I've written a little Howto on my website:

http://www.lxg.de/code/broadcom-4353-wireless-et-al-opensource-howto

----------

## Goeland86

Thanks lxg!

Works like a charm  :Smile: 

----------

## Adwin

Have you noticed network dropping with the brcm80211 driver?

It works fine for a few seconds, but then, just shuts down.

----------

## Goeland86

I've had no issues at all with the driver. In fact, I'm rather impressed, it works better than the atheros chip I had in my previous laptop, which had on occasion the network drops you mention.

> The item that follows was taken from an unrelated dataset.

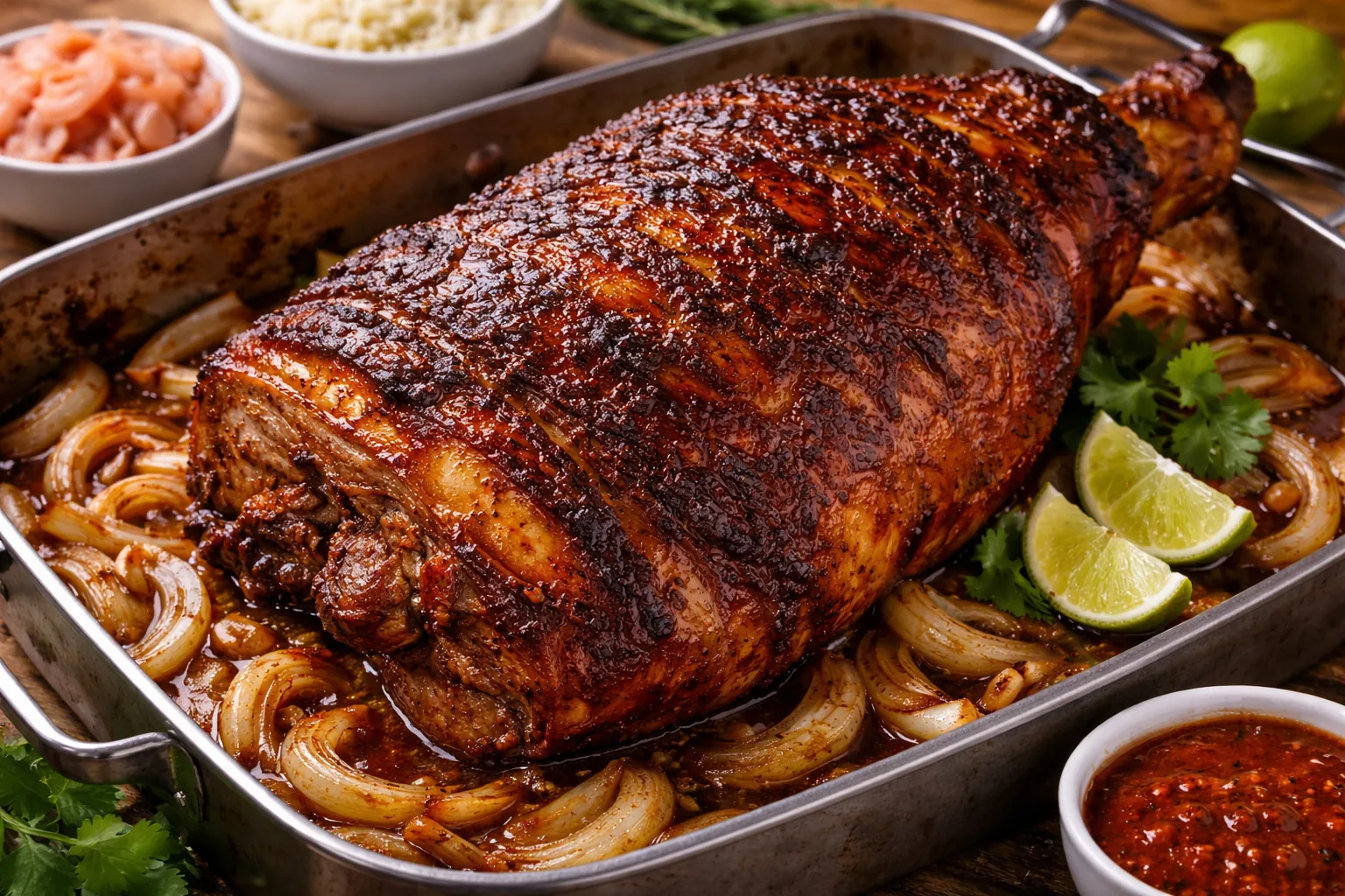 Variantes de pierna de cerdo al horno con adobo criollo (opcional)

But nope, this one's working just fine. Note that I compiled it as module, but all other wireless-related things are in-kernel.

----------

## lxg

 *Adwin wrote:*   

> Have you noticed network dropping with the brcm80211 driver?
> 
> It works fine for a few seconds, but then, just shuts down.

 

Not yet, but I don't use wireless too often. But when I do, it is stable.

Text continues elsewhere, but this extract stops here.